I have liberal friends that will point out that we are incredibly arrogant to believe that Western culture is superior to Muslim culture. Steyn tries to put this into perspective by noting that few of them would want to live in anything but a modern Western culture. He illustrates the cultural divide by hearkening back to France’s recent riots, suggesting that it is quite possible “that by 2010 we'll be watching burning buildings, street riots and assassinations [in Western Europe] on American network news every night.” He predicts, “Best-case scenario? The Continent winds up as Vienna with Swedish tax rates. Worst-case scenario: Sharia, circa 2040; semi-Sharia, a lot sooner--and we're already seeing a drift in that direction.”

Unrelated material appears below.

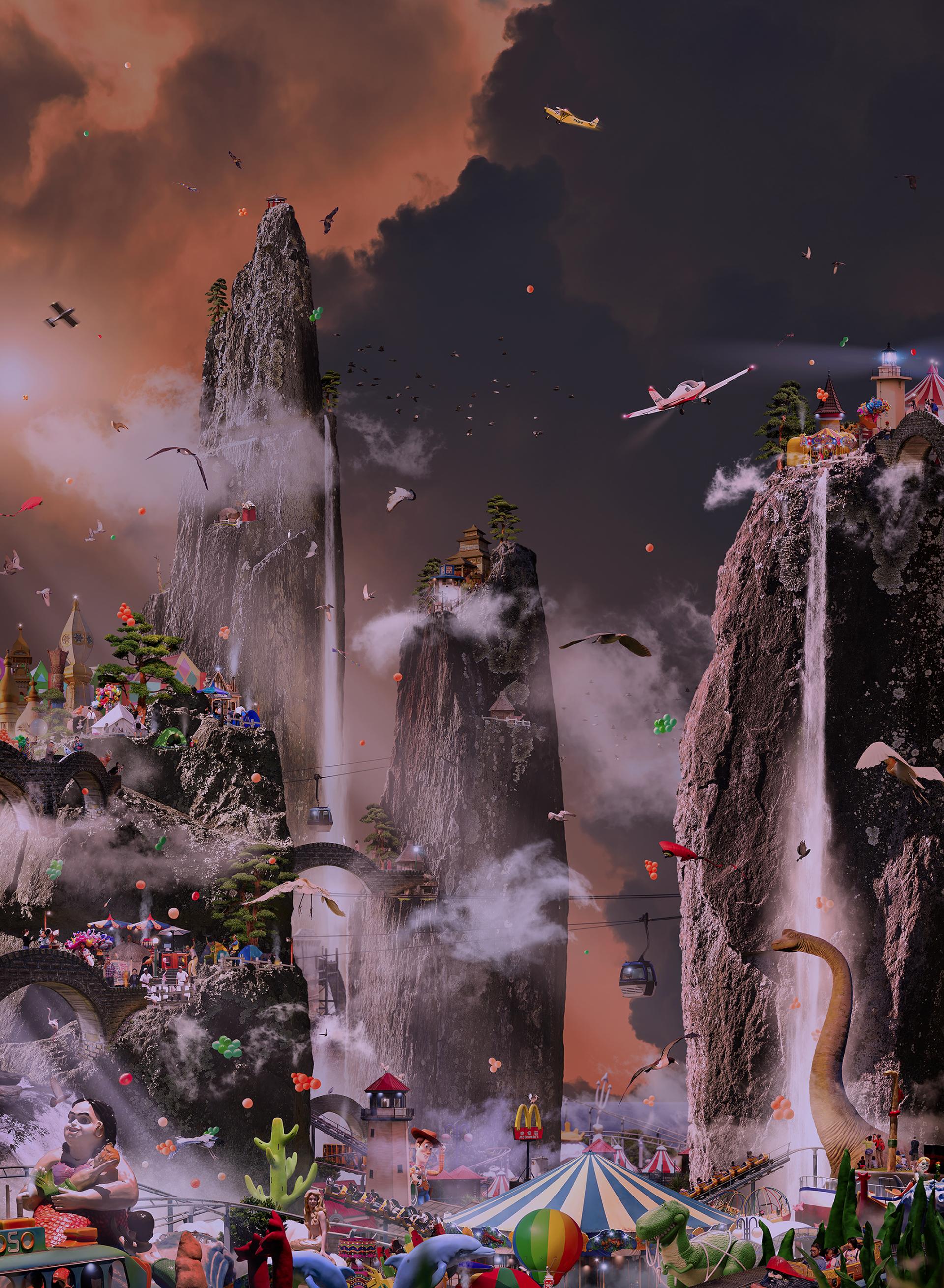 My current body of work explores surreal landscapes and post-photographic aesthetics, rendered through evocative, painterly compositions that serve as artistic playgrounds for experimentation. The Enchanted Joyland - Elysium-I reimagines traditional notions of poetic fantasy and escapism. By blending the familiar with the fantastical, this composite photograph evokes a sense of wonder and curiosity, encouraging viewers to immerse themselves in the imagery and uncover its many layers of meaning. The use of vibrant colours and intricate details draws the viewer in, inviting closer examination of the composition's various elements. The joyland emerges from internal and surreal landscapes, reflecting illusions, fantasies, and Eastern aesthetics. Viewers can appreciate in detail how I manipulate the enchanted image between photographic realism and pictorial poetics.

Steyn points out that nearly every agenda championed by liberals is at odds with fundamental Islam, and will likely be quashed once Muslim majorities are achieved. Steyn asks, “Can a society become increasingly Islamic in its demographic character without becoming increasingly Islamic in its political character?”
Steyn says, “There will only be very few and very old ethnic Germans and French and Italians by the midpoint of this century.” He asks the following piercing questions. “What will they leave behind? Territories that happen to bear their names and keep up some of the old buildings? Or will the dying European races understand that the only legacy that matters is whether the peoples who will live in those lands after them are reconciled to pluralist, liberal democracy?”
Steyn’s article is filled with many other juicy tidbits and thoughts: what the war is really about, how America helped foster Europe’s decline, the emptiness of multiculturalism, how radical Islam assays to win in the long run, why terror groups exist at all, the inability of many Westerners to value Western culture, how deeply ingrained general government dependency has become, etc. You don’t have to agree with Steyn to appreciate at least some of what he writes and to understand that there is at least some basis for his alarm.